個人的にはニーチェの本は読んでいる方かと思うものの、こうして各々の作品の中から言葉を拾い上げてみると、その少ない言葉の中からも深い解釈ができるのもだと感じ入った次第である。

本書は、Kindle Unlimitedを用いて、昼休みの読書には軽いものが良いということから、このシリーズを読み進めている。

ニーチェの言葉は、読者自らに考える機会を与えてくれる。その考察の後に感動があるのが不思議である。

「022 誰もが喜べる喜びを」として、わたしたちの喜びが他の人の役に立っているかとの問など、わずか数行の文章だけど、考え込むほど難しい… それでも自分なりの解を探し、消化した上で次のページを捲ることになる。考え込むと、そのままページを閉じ、自分なりに深く考察できることが、この本の面白さかも知れない。
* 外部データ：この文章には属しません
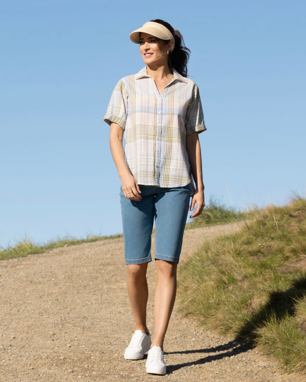 Dropped Shoulder Shirt with Rounded Hem - Blue Check

「030 始めるから始まる」も、たった一行、はじめは危険だけど始めるしか無いという主旨。最初に危険性やリスクが勝ると、始めることさえ出来ない。逆に簡単にできることは、簡単に始められる。当たり前のことだけど、始めることには勇気を伴うこともある。

本書の中で一番感銘うけたのは「154 本を読んでも」であり、少々長いが引用すると「本を読んだとしても、最悪の読者にだけはならないように、最悪の読者とは、略奪を繰り返す兵士のような連中のことだ。つまり彼らは、何かめぼしいものはないかと探す泥棒の眼で本のあちらこちらを適当に読み散らし、やがて本の中から自分につごうのいいもの、今の自分に使えるようなもの、役に立つ道具になりそうなものだけを取り出して盗むのだ。そして、彼らが盗んだもののみ(彼らがなんとか理解できるものだけ)を、あたかもその本の中身のすべてであるというように大声で言ってはばからない。そのせいで、その本を結局はまったく別物のようにしてしまうばかりか、さらにはその本の全体と著書を汚してしまうのだ。」まさに、そのとおりである。

わたしも研究者として論文は書くが、論文や専門書の中で、日本の戦後の経営学者を、このロジックで批判し、それら先人たちの学術的貢献を、まるで意図と異なる低俗な考えに変換し、全く別物にした上で、本の全体と著書を汚した論を張った人もいたことを思い出した。今でも同様のロジックで他者を蔑む人も多いようである。読む方のリテラシーの低さは、ニーチェが生きていた時代と、さして変化がないのかも知れない。

ニーチェは「155 読むべき書物」で、読む前と後で世界がまったく違う本などを上げている。これは読書によって、わたしたちが新たに得られる付加価値というものを新鮮に感じられることができるものを読むべき、つまり読む価値があると感じてのことだろう。

短い昼休みの時間を数日分使って、自分の頭で考えてみるよい機会が得られる本であったことは疑いようもない。このような短い文章を掲載した本も、自分の思考の訓練には十分活用できることがわかったのは、自分にとって大きなメリットだった。